Technically, the Visa network doesn’t prohibit using a Visa card to process a debt payment. But, the Visa network characterizes a debt payment as a cash-like transaction. As such, a person will not earn points and will be charged a cash advance fee. While it’s not prohibited, it’s impractical. I believe Amex has an outright prohibition.
To extend Greg’s concept, one could use a payment service to pay a car loan, a student loan . . . any kind of loan. It just needs to be on a Mastercard.
For those in business, there is an alternative to Plastiq. It’s called Melio Payments.

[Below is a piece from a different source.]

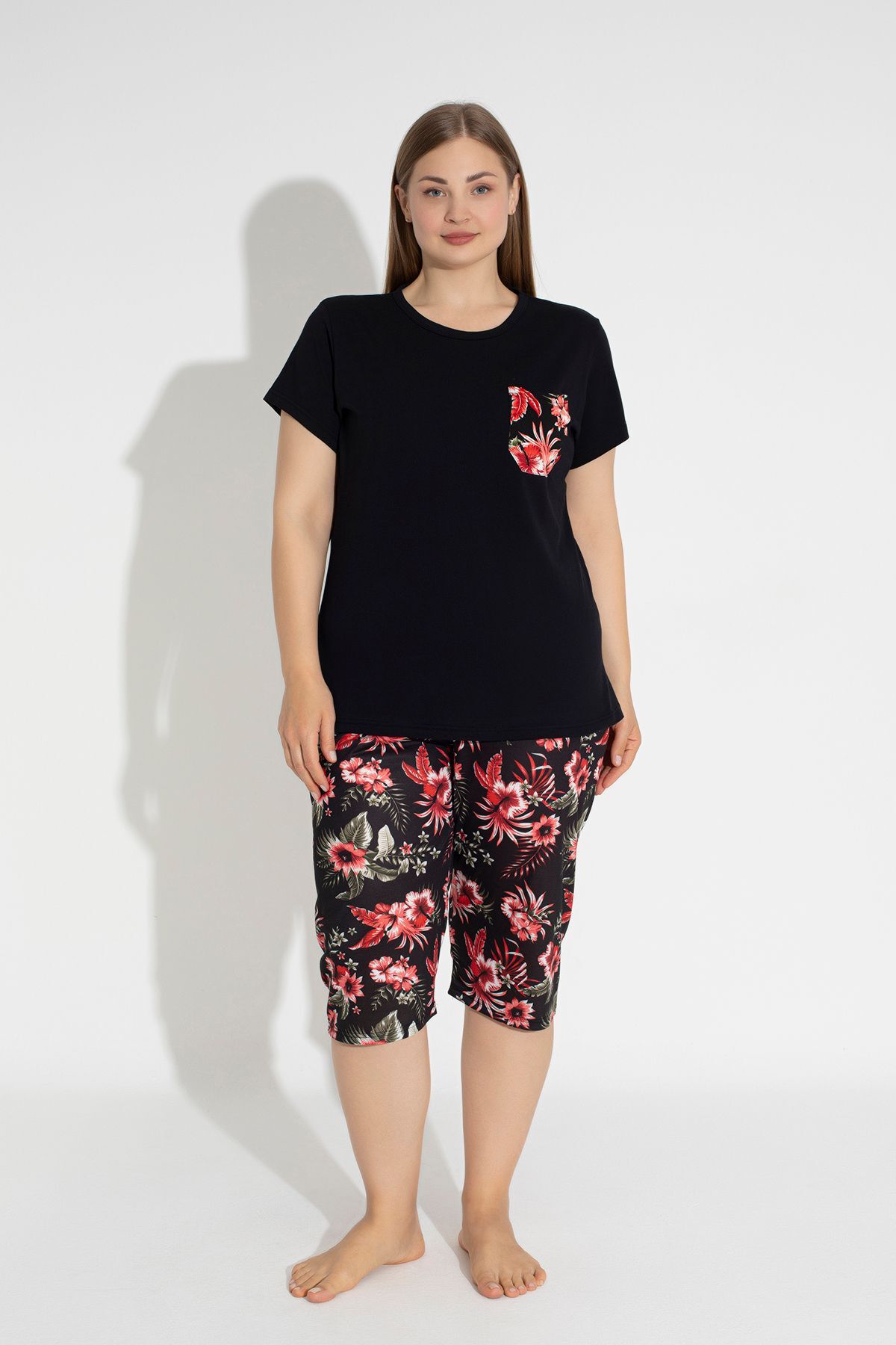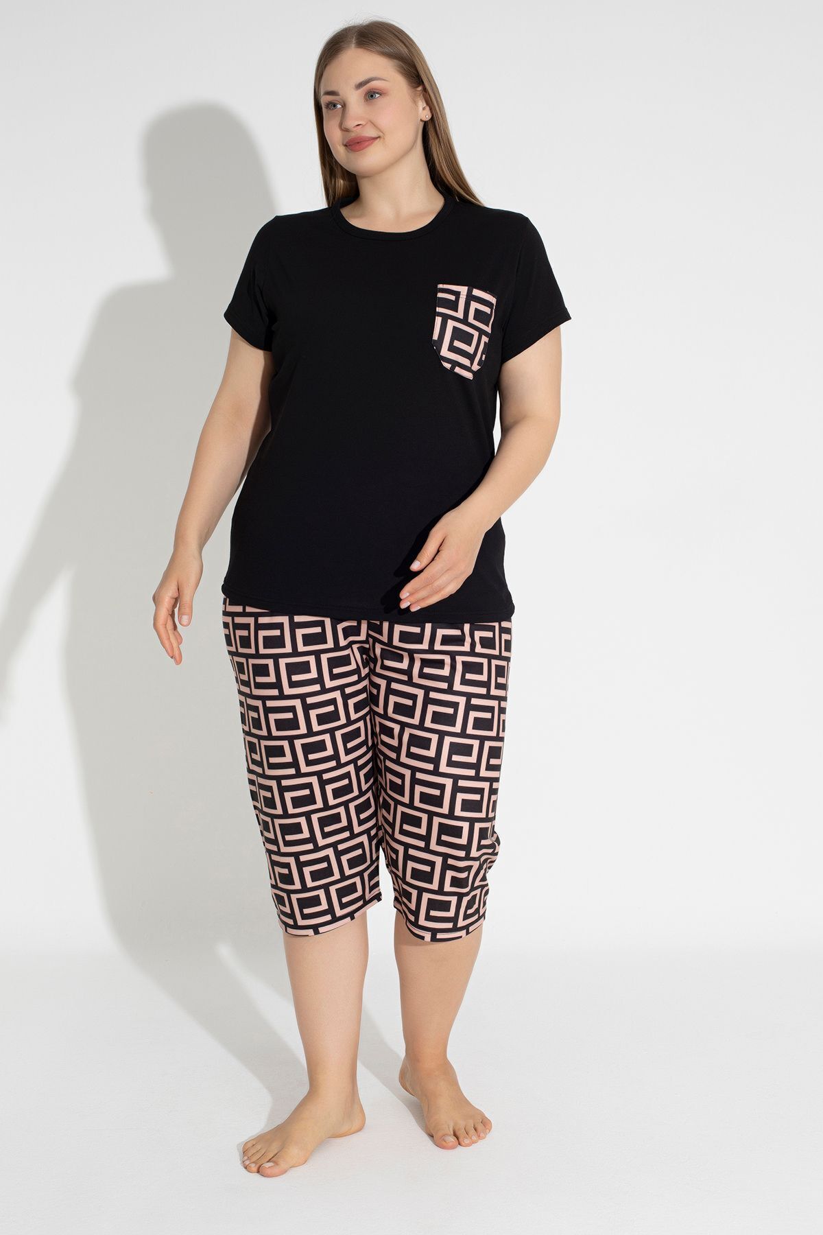 Pembe Çizgili Kısa Kollu Rahat Kesim Büyük Beden Kapri Pijama Takımı 30007 Pembe Çizgili Kısa Kollu Rahat Kesim Büyük Beden Kapri Pijama Takımı 30007 7XL

Melio’s fees are roughly the same as Plastiq, although I believe it is experimenting with alternative fee structures. It is important to note that ONLY business-related payments are allowed. That being said, payment of a mortgage on an investment property is allowed.
What I don’t understand is why they would treat a mortgage payment differently from, say, a phone bill payment?
Let’s say that I lend you $1k in cash. Let’s say that you want to pay me back and use a credit card to do so. The card issuer doesn’t see this as a purchase of either a good or a service. It is an interpersonal transfer.
Let’s say that I lend you $1k for a home loan. How does the card issuer know the difference.
For tax purposes, the interpersonal transfer is not taxable. The home loan payment is taxable.
When a payment is made to a person via PayPal, PayPal asks whether it is a interpersonal transfer or for goods/services. If it is interpersonal, no 1099. If it is for goods/services, yes 1099.
As characterization of every loan repayment type could be unwieldy, I’m guessing that Amex and Visa wanted a simple straightforward characterization of all loan repayments — even if it means disallowing things like a mortgage, car loan, or student loan. I think it was too much of an administrative burden.